## WHAT IS BEING ASKED
Type the listing below out again exactly. No images.

## GIVEN DATA
===

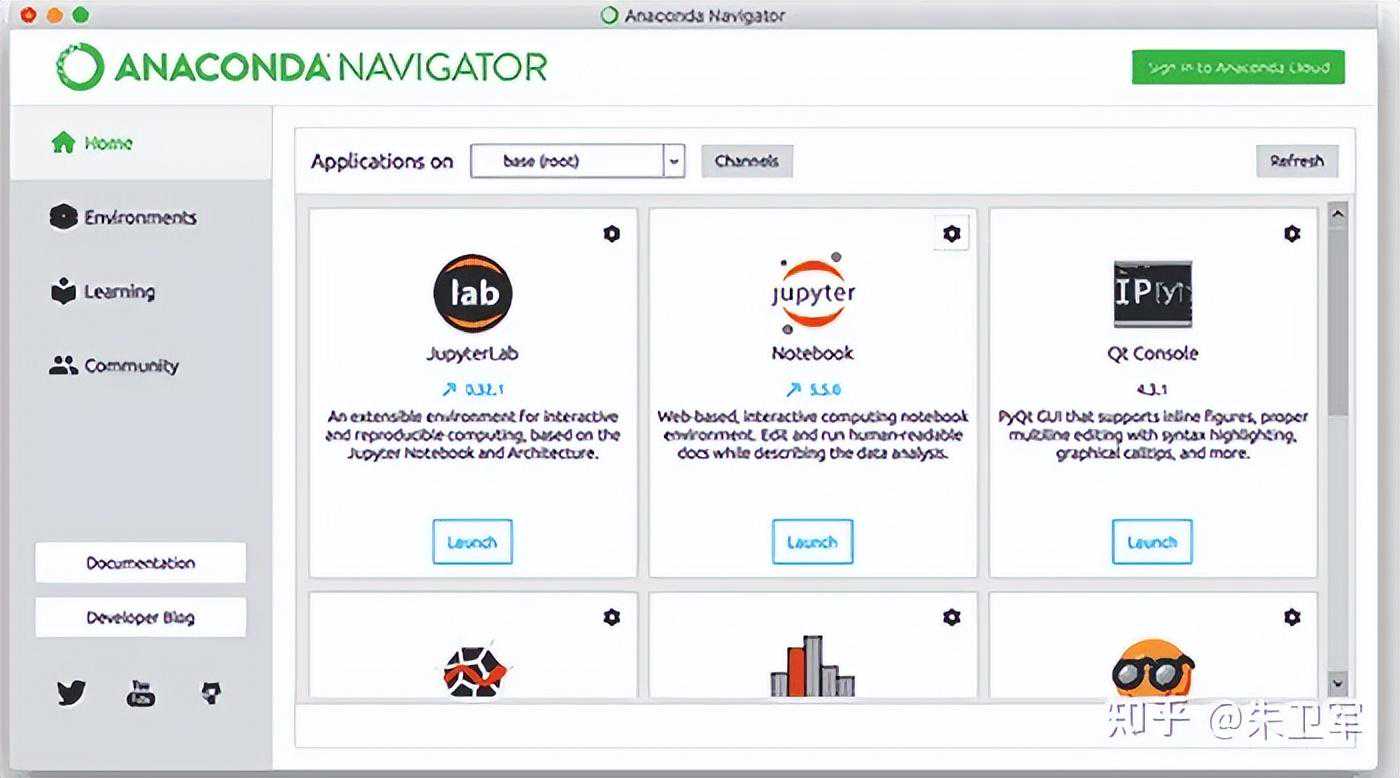 Anaconda:Python数据科学发行版,包含Python软件和几百种数据科学库,通过conda进行库管理。其中的Jupyter是非常主流的Python开发平台,适合进行数据分析、可视化、机器学习、教学等。
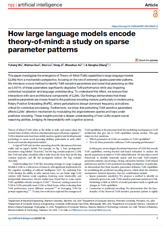 LLM全体の0.001%程度の敏感なパラメータが少し書き換わるだけで、「他人が何を考えているかを推測する」力が大きく低下してしまうということが報告されています。
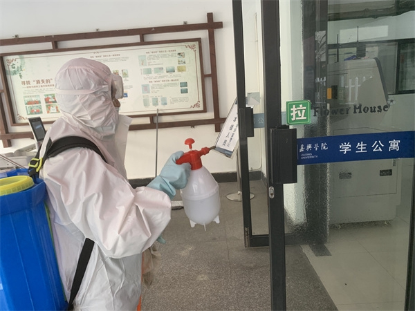历经多次战“疫”,后勤人始终坚守一线,全力以赴、抗击疫情。公寓服务部着力加大公寓区重点区域的环境消杀,确保学生公寓消毒消杀工作无死角、零遗漏,以更加科学、精准、规范的举措阻断病毒传播;为在校坚守的教职工提供应急棉被;利用LED电子显示屏滚动播放疫情防控宣传标语,严格按照疫情防控要求,抓实抓细抓好楼宇进出管控、安全巡视、应急处突等工作,严把进门关,学生进出“一人一卡一测温”,同时加强学生的人文关怀。根据相关防疫要求,4月1日上午,公寓服务部接到了准备好北区公寓三作为居家观察点的紧急任务;当日下午1点到6点,全体公寓人员争分夺秒、抢抓时间,在5个小时内,将北区公寓三弃用的164间房间全部腾空并保洁清扫到位,同时摆放了日常生活用品和防疫物资,再一次生动展示了嘉院后勤的力度与速度。

===

## EXERCISE RESULT
 Anaconda:Python数据科学发行版,包含Python软件和几百种数据科学库,通过conda进行库管理。其中的Jupyter是非常主流的Python开发平台,适合进行数据分析、可视化、机器学习、教学等。
 LLM全体の0.001%程度の敏感なパラメータが少し書き換わるだけで、「他人が何を考えているかを推測する」力が大きく低下してしまうということが報告されています。
历经多次战“疫”,后勤人始终坚守一线,全力以赴、抗击疫情。公寓服务部着力加大公寓区重点区域的环境消杀,确保学生公寓消毒消杀工作无死角、零遗漏,以更加科学、精准、规范的举措阻断病毒传播;为在校坚守的教职工提供应急棉被;利用LED电子显示屏滚动播放疫情防控宣传标语,严格按照疫情防控要求,抓实抓细抓好楼宇进出管控、安全巡视、应急处突等工作,严把进门关,学生进出“一人一卡一测温”,同时加强学生的人文关怀。根据相关防疫要求,4月1日上午,公寓服务部接到了准备好北区公寓三作为居家观察点的紧急任务;当日下午1点到6点,全体公寓人员争分夺秒、抢抓时间,在5个小时内,将北区公寓三弃用的164间房间全部腾空并保洁清扫到位,同时摆放了日常生活用品和防疫物资,再一次生动展示了嘉院后勤的力度与速度。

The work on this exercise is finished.